“That space, that happiness had a color: rose-pink. The pink of the sky at sunset, a vast, transparent, faraway pink whose absurd apparition represented my life. I was vast, transparent and faraway, and my absurd life represented the sky. Living was painting: coloring myself with the pink of the inexplicably suspended light…”

César Aira

COLOR

Like every element of illustration, color should serve a purpose. On the most surface level, a color illustration has a better chance of attracting attention. On narrative and conceptual levels color can help to convey the atmosphere or contradict the viewer’s expectations.

The number of colors in use works similarly—the fewer colors you have, the more significance each of them carries. A B&W drawing with a single spot color can be largely defined by that one color. A couple of tones work differently—their primary relationship is with each other. Each additional color complicates this relationship, either making it more involved or more unfocused.

ASSIGNMENT 3: COLOR VARIATIONS

Pick a photo from your phone's camera roll or from the internet and make three illustrations based on it—one in black & white, one with a spot color, and one in three colors.

It's preferable if you use your own photo, but if you choose someone else's, please make sure you change your illustration significantly enough to avoid accidental plagiarism. Even with your photos, try to steer away from using it as direct reference, and instead interpret it in a way that makes a successful illustration. Study the play of light and dark, shapes and shadows, and see how they can be drawn differently in three ways.

Focus on the concept for the thumbnails and try to come up with ideas that would work both in B&W and in color. For the sketches you can pick one of the ideas and do several rough color mock-ups.

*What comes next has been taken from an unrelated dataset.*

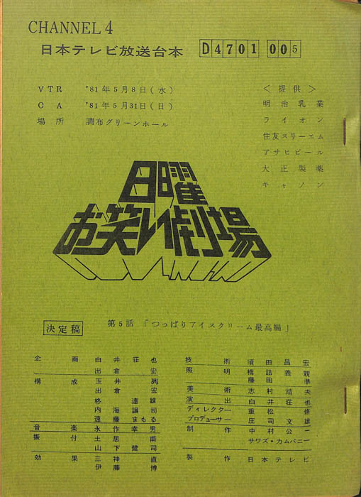 主な出演 : 三波伸介,野口五郎,近藤真彦

For the final you can use the same linework and apply different coloring three times, or you can have three different treatments, if the different color treatment calls for a change in drawing.

As with the previous assignment, it should essentially be the same illustration, done in three variations, rather than three separate illustrations. The change of medium may suggest stylistic or compositional shifts, but those should only happen naturally in the process of the creation.

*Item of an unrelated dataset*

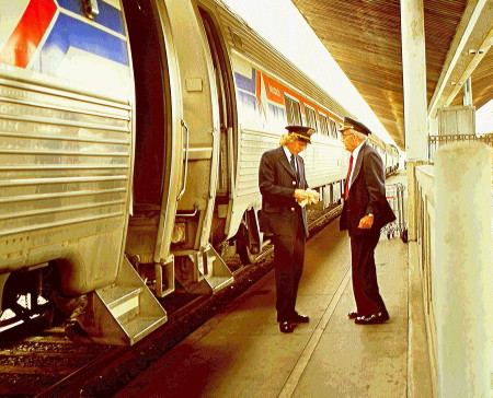 JUGEMテーマ:鉄道写真 プラットホームで打ち合わせをしている鉄道員(車掌?)たちの情景を、CGアートで描いています。 写真ではないのですけれど、鉄道関連と云う1枚です。 鉄道の駅は、国によって雰囲気だけではなく駅舎の設計そのものが異なっているという特色がございます。 アメリカは始発駅でもプラットホームは地表レベルと同じ高さ。 この絵のように、乗客はステップを上って列車に乗り込むということになります。 ドイツやフランスの地方の駅でも、地面から列車へ上るというのは映画などでも目にいたしますけ...

Variation 1. Black & White. You may use grayscale, screentones or ink washes, but remember that the piece will be reproduced at a small size and should read clearly at any distance.

Variation 2. Black, with one spot color. Pick a color that contributes to the black layer and fits the concept. You may change your black layer, remove bits of it, replace areas with a spot color or delete it completely.

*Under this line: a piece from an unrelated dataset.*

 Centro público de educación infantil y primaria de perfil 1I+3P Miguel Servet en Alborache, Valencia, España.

Variation 3. Any three colors except black (and very very very very very dark colors that may as well be black).

Format: 4x4” each, 3 in total.

References for various techniques and applications of color


  1. Feb 8. Th. Assignment 3 thumbnails. Fourth story assigned.
  2. Feb 13. Tu. Assignment 3 sketches. Fourth story discussion.
  3. Feb 15. Th. Assignment 3 finals. Tool workshop (ink). Fifth story assigned.